13th
Last Friday, the Business Students of Color hosted a viewing of 13th, a documentary by Ava DuVernay. The film is titled in reference to the 13th amendment to the constitution, which states that “neither slavery nor involuntary servitude, except as a punishment for crime” is permitted in the United States. DuVernay argues, alongside many experts (including the author of The New Jim Crow, Michelle Alexander) that racism and white supremacy in the United States has not been eliminated. Instead, the ways in which this power has been enacted and perpetuated has transformed, from slavery, to Jim Crow, and now mass incarceration. The powerful and provocative film artfully examined the transitions between each of these systems, displaying on a broader scale how society does not just switch from one era to the next, but evolves.
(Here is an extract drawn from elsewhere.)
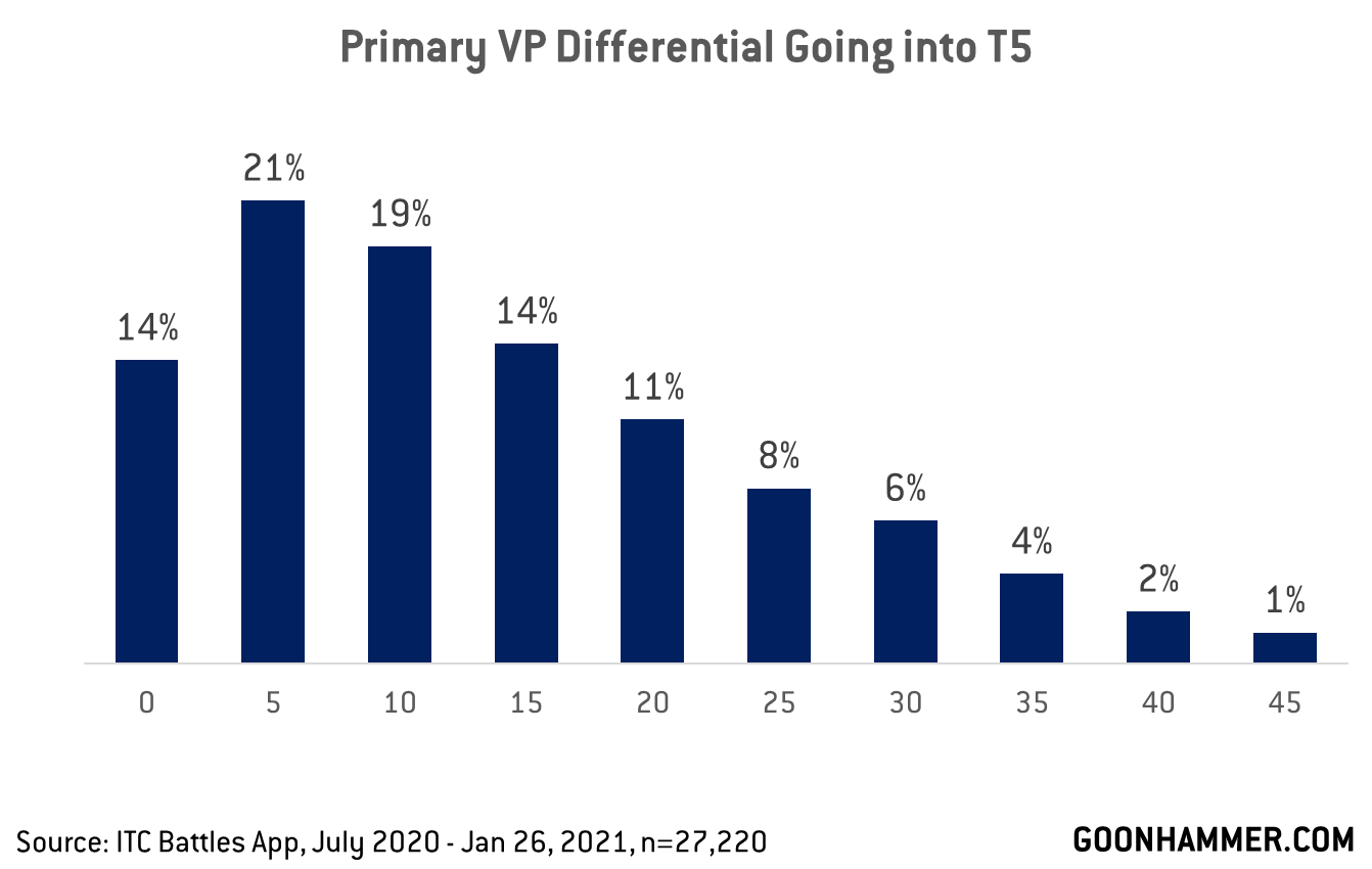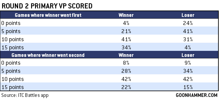 Statistically speaking, about 86% of the games in our sample went into the fifth battle round with one player having a higher primary score than the other. One good thing to know is that most games are pretty close with regard to primary VP scoring. More than half of games - 58% - see players coming into the fifth battle round with a primary VP score that has a closeable gap (15 points or fewer).

I think it is interesting to consider how racism has transformed throughout American history within the framework of power, as John Gaventa describes in Power and Powerlessness. The first form of oppression analyzed in the film, slavery, can be seen as the manifestation of the one-dimensional approach to power and quiescence. Within this dimension one party gets another to “do something that they would not otherwise do.” Fast forward to Jim Crow, and barriers put into place by those in power prevent the grievances of black people around the country from being recognized, known as the two-dimensional approach. Finally, the three-dimensional approach is what we see today in the system of mass incarceration. Issues are unable to receive attention because those in power have preemptively shaped conceptions of “non-conflict.” Millions of black people in prison is not the problem that we talk about on cable news, the problem is protecting “our neighborhoods” from criminals and “thugs,” who, history tells us, look like people of color.
13th is streaming on Netflix, and I have attached a clip of it here. I want to acknowledge that it was very hard for me to watch and made many in the room emotional.